Bedenle, dansla ilişkiniz nasıl?

Severim. Ama şimdi üniversitedeki dans hocalarım bunu okurken ağlayacaklar. Çok iyi değildim hareket derslerinde. Öyle çok iyi bir kondisyonum yoktu. Ama bir oyuncunun beden ilişkisini çok önemli buluyorum. Sahnedeki duruşunun, bedensel olarak karakterlerle kurduğun ilişkinin kaçırılmaması gereken temellerden biri olduğunu düşünüyorum. O yüzden de zamanında çok iyi bir öğrenci olmamış olsam da hareket derslerinde çok şey öğrendim. Oyunculuğun böyle bir katmanının olduğunu bazen insan çok hızlı çalışırken kaçırabiliyor. Ama bir durup bedensel olarak da karaktere yaklaşıyor olmak önemli bir şey. O yüzden iyi ki okumuşum diyorum.

Şu an bir şey yapıyor musunuz? Yoga, pilates, dans...

Pilates yapıyorum. Yogayı rahatlamak için yapıyorum, çok üst seviyelerde değil. Dans da evde freestyle dansımı yapıyorum. Öyle şu dansı yapıyorum gibi değil de dans etmeyi ve bedenimi kullanmayı severim, o birazcık esnememdir de benim. Müzik dinlemeyi severim çünkü. Yemek yaparken de dans ederim, hareket ederim. O günlük rutinimin bir parçasıdır.

Piyano gibi ukulele gibi müzik aletlerine ilginiz varmış.

Ben müzik aletleri konusunda çok maymun iştahlıyım. Buraya bir müzik aleti koysanız 48 saat onunla ilgilenebilirim aralık­sız. Çok başarılı olduğumu söyleyemem ama müzik aletlerini keşfetmeyi seviyorum.

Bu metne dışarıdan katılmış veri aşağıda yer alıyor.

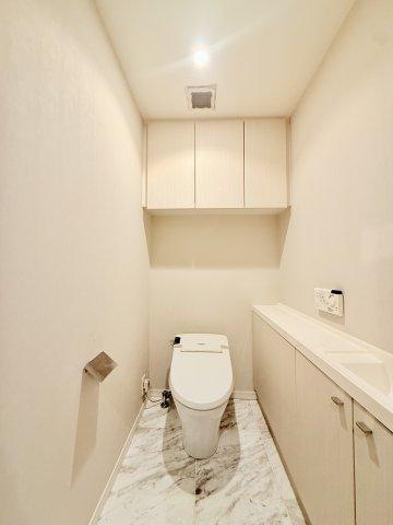 手洗い水栓付き!吊り戸棚や壁面に収納あり!洗浄機能付き!
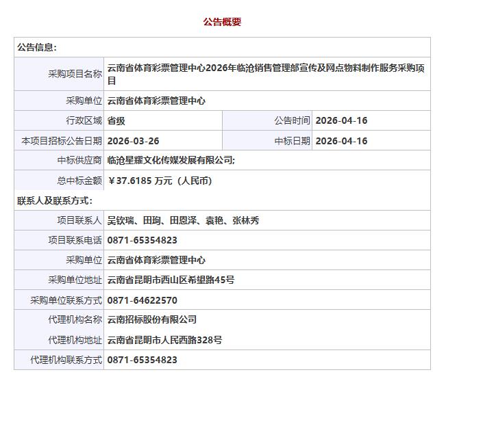 公告链接:云南省体育彩票管理中心2026年临沧销售管理部宣传及网点物料制作服务采购项目中标公告
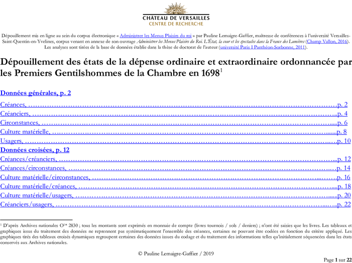 Tous les montants sont exprimés en monnaie de compte (livres tournois / sols / deniers) ; n’ont été saisies que les livres. Les tableaux et graphiques issus du traitement des données ne reprennent pas systématiquement l’ensemble des créances, certaines ne pouvant être codées en fonction du critère appliqué. Les graphiques tirés des tableaux croisés dynamiques regroupent certaines des données issues du codage et du traitement des informations telles qu’initialement séquencées dans les états conservés aux Archives nationales.
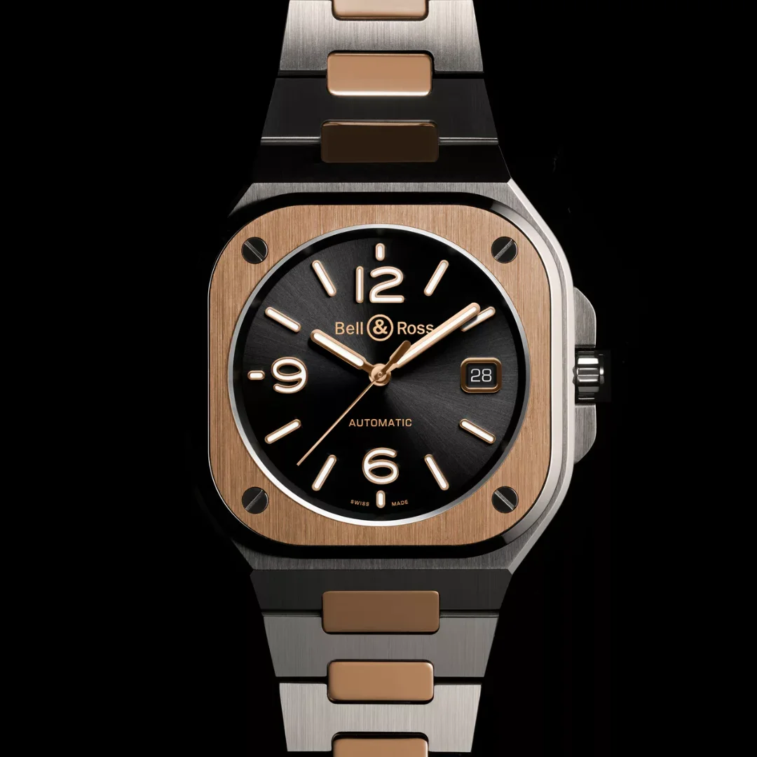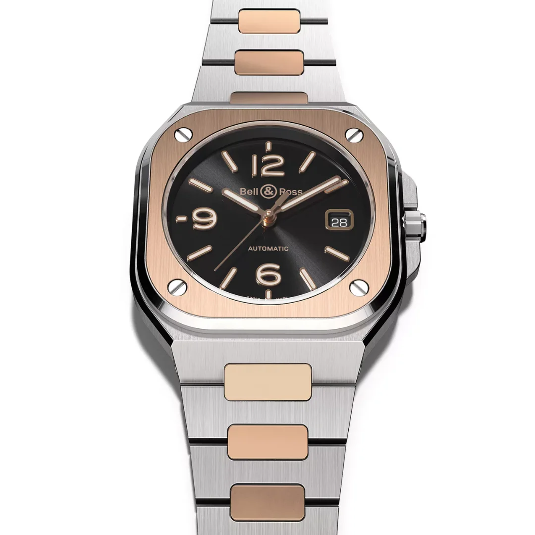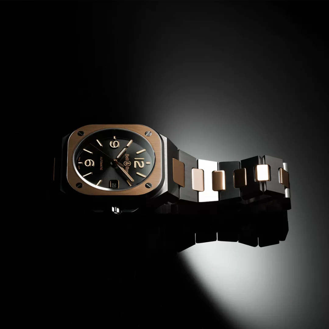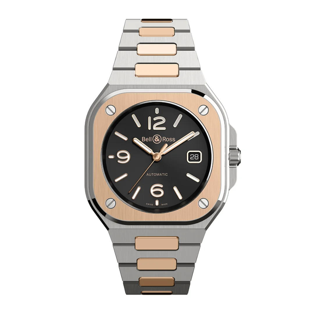 The Bell & Ross BR-05 Black Steel & Gold Ref. BR05A-BL-STPG/SSG with its smart and classic look, this second addition to the BR-05 urban collection takes you back into the 80's spirit by mixing two-tone. When a technical material meets a precious substance.
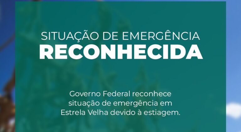 O Ministério da Integração e do Desenvolvimento Regional (MIDR), por meio da Defesa Civil Nacional, reconheceu oficialmente a situação de emergência em Estrela Velha, em razão da estiagem que atinge o município. A portaria nº 1.172, que confirma o reconhecimento, foi publicada no Diário Oficial da União, edição do dia 14 de abril. O decreto municipal que declarou a emergência havia sido publicado no dia 6 de fevereiro, diante dos impactos causados pela falta prolongada de chuvas. Desde então, a Administração Municipal vinha aguardando a homologação federal para avançar nas medidas de enfrentamento à crise.
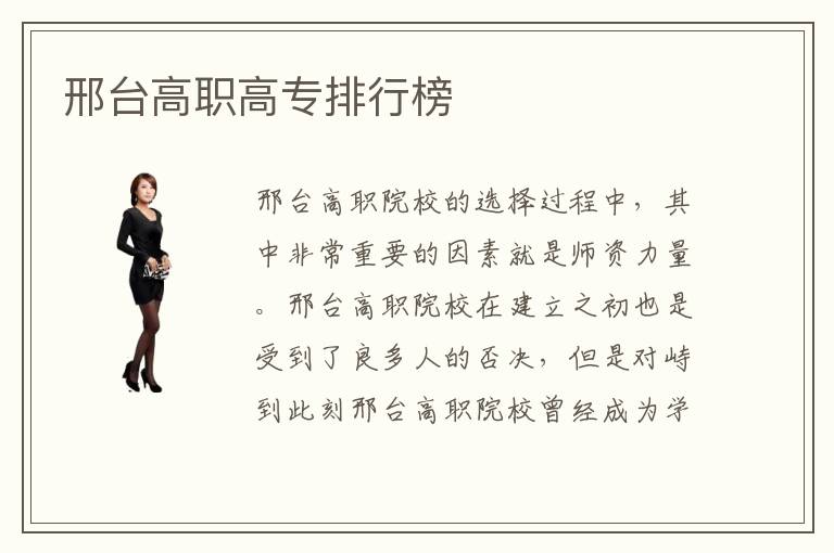 邢台高职院校的选择过程中,其中非常重要的因素就是师资力量。邢台高职院校在建立之初也是受到了良多人的否决,但是对峙到此刻邢台高职院校曾经成为学生们停止专业学习的好平台了。邢台高职院校模式通常都是大班和小班共同结合,学生和老师有更多交流的场所,而且老师也能针对不同学生的实际情况来采用合适的教学方法,让老师和学生拥有更多的进步。邢台高职院校具有国内专业的技术培训团队,都是在各行各业有过丰硕工作经历的高技术人材,在如许的讲授团队率领下必然可以获得最高品质的专业讲授,是以总的来讲邢台高职院校的各方面综关实力还是比较靠谱的,想要学习专业技术的同窗可以斟酌一下邢台高职院校呢。其实大家可以放心,现在的高职院校在教学质量等各个方面都是比较不错的,像德阳市中的德邢台职院校都是比较优秀的。
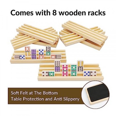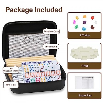 8개의 나무 쟁반/랙이 포함된 멕시코 기차 도미노 세트, 8개의 도미노 타일 홀더가 포함된 더블 12개 도미노 여행 세트, 가족 어린이를 위한 휴대용 케이스가 포함된 91
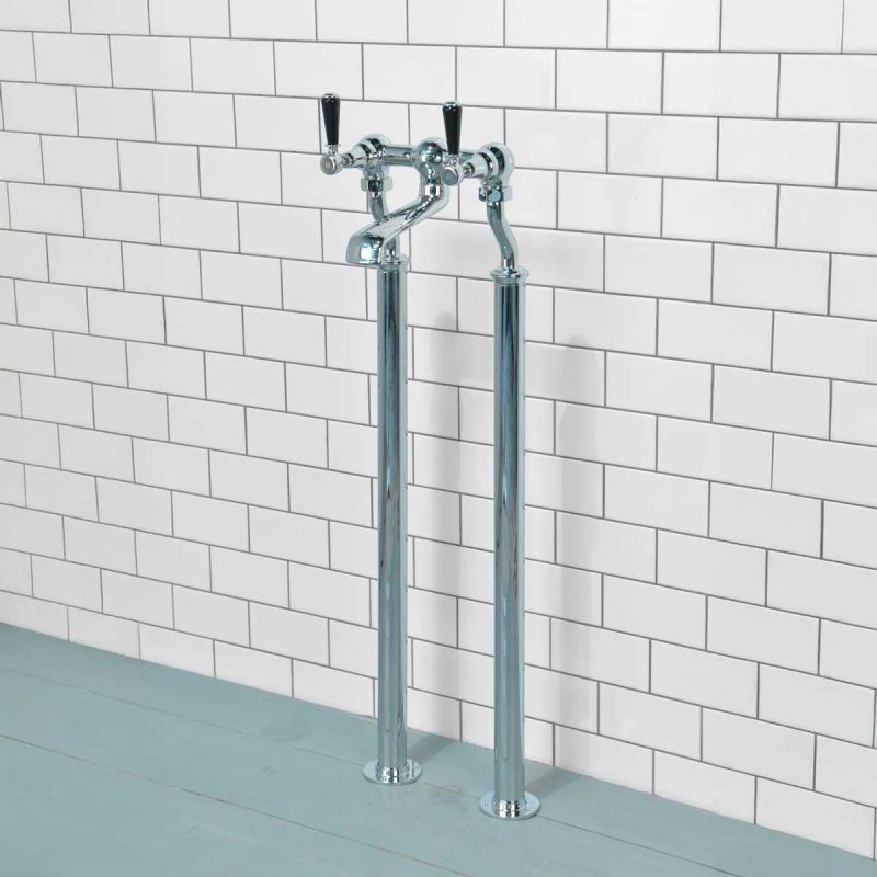 Linton Floor Mounted 2 Hole Bath Filler with 725mm Standpipes - Black Lever - Chrome

Bu ikisini çalıyor musunuz peki biraz?

Ukuleleyi çalıyorum, zaten çok basit bir enstrüman. Piyanoyu da ortalama bir seviyede çalıyordum. Ama “Aşk 101” ile bir­likte ders aldım, birazcık geliştirdim. Orada çoğunu kendim çaldım. Ama bazıları o kadar zor parçalardı ki yanına bile yak­laşamadım yani. El dublöründen destek aldım.

“Aşk 101”deki karakteriniz Elif âşık olduğu çocuğu bırak­tı, Viyana’ya gitti. Sizce nasıl bir seçim yapılır böyle bir noktada?

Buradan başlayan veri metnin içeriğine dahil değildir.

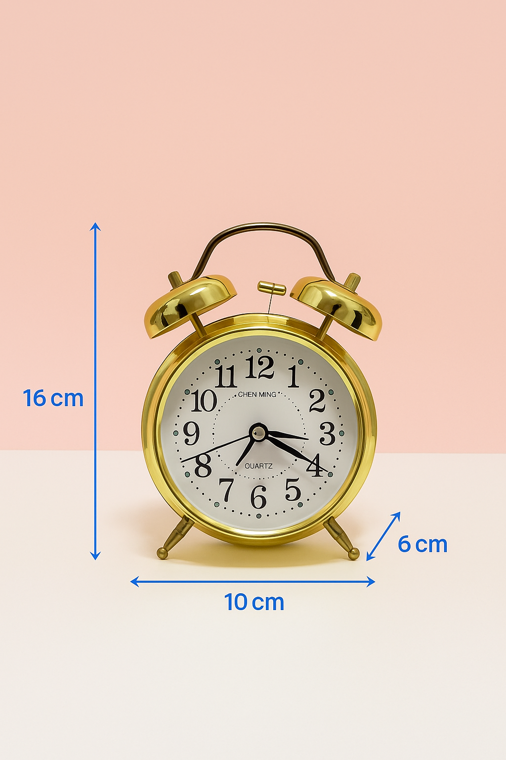 ساعت رومیزی فلزی طلایی ، با طراحی کلاسیک و صدای زنگ نوستالژیک، انتخابی ایده‌آل برای دکور شیک منزل یا محل کار شماست.
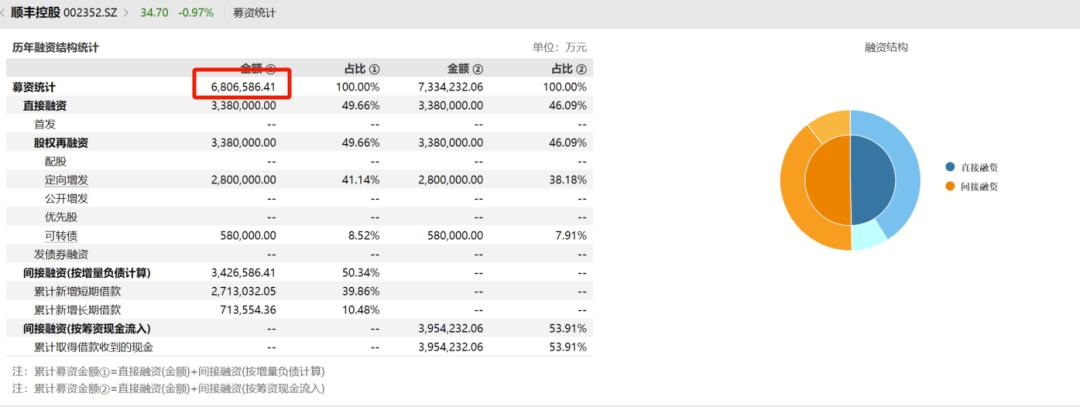 实际上,据wind数据显示,自2017年上市以来,顺丰已经通过定增、可转债、短期借款等多种方式,累计募集资金达到680.66亿元。
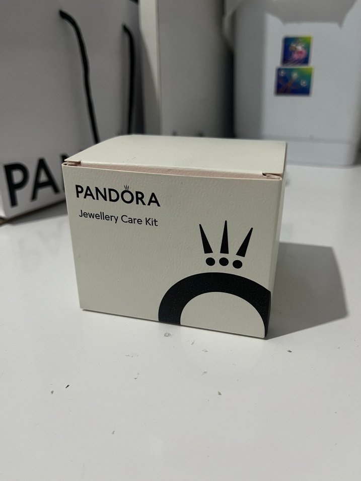 Pandora Takı Bakım Seti, beyaz kutusunda takılarınızı temizlemek ve korumak için gerekli araçları içerir. Takı bakımı için kullanışlıdır.
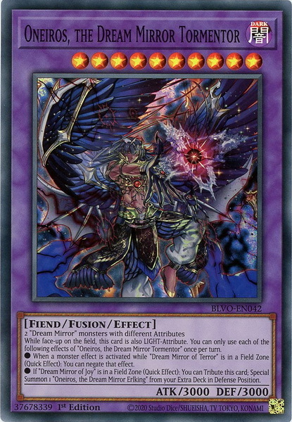 - BLVO-EN042 Oneiros, the Dream Mirror Tormentor Super Rare 1st Edition Mint YuGiOh Card
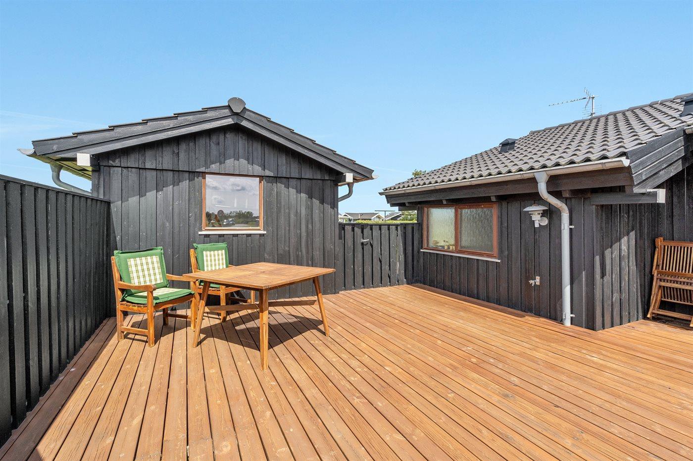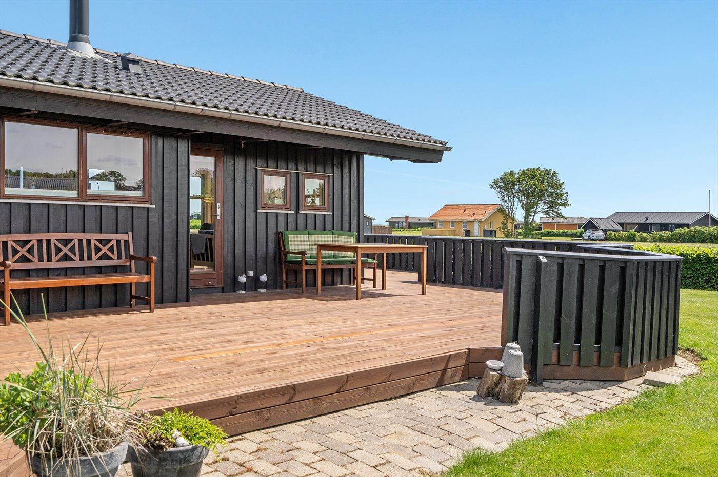 Ferieboligen er beliggende på en 800 m² stor havegrund. Der er 100 m til havet. Nærmeste forretning er beliggende i en afstand af 1300 m. Der er en golfbane i en afstand af 3000 m. Til ferieboligen hører åbent terrasseareal. Desuden er der overdækket terrasse. Grill til rådighed. Der er carport til rådighed. Parkering ved ferieboligen.

Kariyer seçmek de fena değil tabii ki. Ama sonra yıllarca bir­birlerini aramıyorlar, sormuyorlar, o fena. Hem kariyer seçip hem de mesafeli ilişki sürdürülebilir diye kendi hayatıma da gönderme yapıyorum.

Komedi izlemeyi seviyormuşsunuz. Oynamak da ister misiniz?

Komedi hiç oynamadım. Çok isterim. Bir yandan çok da korkarım. Çok ince bir çizgisi vardır komedinin ama denemek çok istediğim bir şey olur. Kaliteli komediye bayılırım. Çok sevdiğim ve çok saygı duyduğum bir şeydir.

Nelere gülüyorsunuz?

En son “Gibi”ye çok gülüyorum herkes gibi. Son dönemlerde Türkiye’de yapılmış bayağı iyi işlerden biri.

Bir de süper kahraman oynamak istiyormuşsunuz diye gördüm.

Ben yeni şeyler istiyorum hep. Süper kahraman hiç oynamadım. Acaba nasıl bir şey olurdu merak ederim. Komedi hiç oynamadım, onu da çok tecrübe etmek isterim. Öyle. Bana hep yeni olsun, yeni şeyler gelsin, aynı şeyi tekrar etmeyeyim, yeterli aslında.